The purpose of these queues is to allow users to run batch jobs on the extended shared Hoffman2 Cluster and to utilize free cycles on nodes contribued by resource groups. The 24 hour queues have access to ATS-contributed nodes from the Base Shared Cluster and to resource group processors that are not currently running jobs.

  • Jobs may run for as long as 24 hours.
  • Available to all users on the Hoffman2 Cluster including general campus users.
  • All members of a resource group that has contributed nodes to the cluster may use more resources than their own group's contribution.
  • There is no guaranteed start time in these queues. Start time is subject to overall cluster utilization, and the availability of nodes that can satisfy the amount of memory and number of processors requested by the job.

Queues which use the interactive nodes

The interactive queues are intended for interactive sessions, including licensed applications which ATS has purchased for general use. These queues include ATS-contributed nodes which are not included in the 14-day, 24-hour or express queues. See How to Get an Interactive Session through GE for more information.

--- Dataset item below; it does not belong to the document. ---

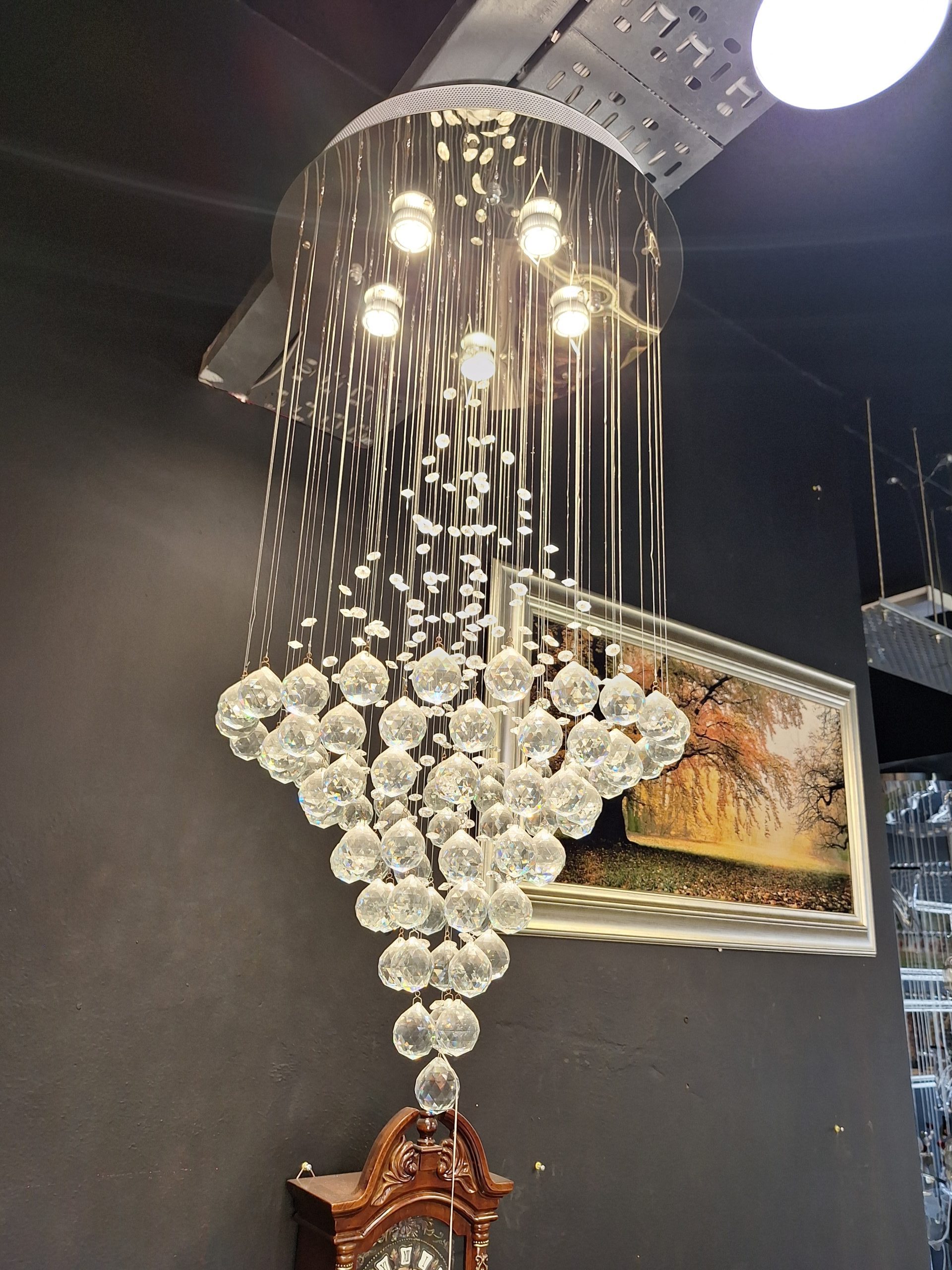 The Elegant Cascading Crystal Chandelier from LDC Decor is a luxurious lighting fixture designed to transform staircases, entrance foyers, living rooms, and high-ceiling spaces into statement interiors. Featuring a vertical cascading crystal design, this chandelier creates dazzling light reflections that elevate any room with a touch of classic luxury.
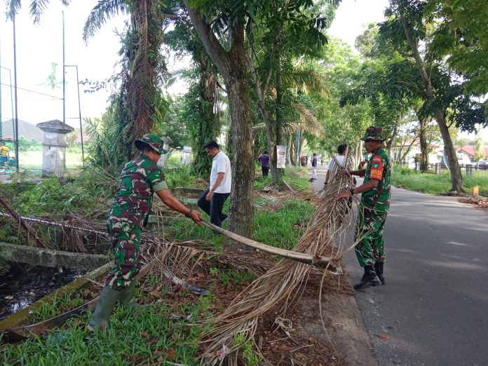 “Gotong royong ini menjadi sarana untuk mempererat kebersamaan antara aparat dan masyarakat sekaligus meningkatkan kepedulian terhadap kebersihan lingkungan,” ujar Babinsa.

  • Sessions have a 24-hour time limit.
  • Available to all users on the Hoffman2 Cluster.
  • Limited to 8 processors per user.
  • Sessions should start immediately in these queues depending on number of processors requested. Immediate startup of interactive sessions is guaranteed for sessions requesting a single processor. Please send email to atshpc@ucla.edu in case all requirements are met and an interactive session has not started within one or two minutes.

Express queue

The purpose of the express queue is to increase the availability of shared resources to user's batch jobs, and increase the overall utilization of the cluster. Although no active users are excluded from using the express queue, it is general campus users who benefit by being able to concurrently run a larger number of jobs. See Express queue for more information.

  • Jobs have a 2-hour time limit.
  • Available to all users on the Hoffman2 Cluster.
  • Each job or array jobtask must run on a single node.
  • There is no guaranteed start time. Jobs usually start running within 5-10 minutes.

Checkpointing

Programs that require more than 24 hours to complete and which need to run in queues limited to 24 hours should checkpoint before 24 hours is up so that they can be continued later.

Special Requests

If your account is in the general campus group and your program for some reason absolutely requires more than 24 hours to run and cannot be stopped and restarted in the 24 hour time frame, you can make a special request to have it run for a longer period of time. Send your request by email to atshpc@ucla.edu. Include the following in your request:

  • Your name
  • Your sponsor or Principle Investigator's name
  • Your login id
  • An explanation of why access to a longer duration queue is critical for your work.
  • How long your job needs to run (e.g., 3 days).
  • The duration of your request (i.e., how many days or weeks will you need to be able to access this queue).

ATS staff will respond to requests during normal business hours.

January 2011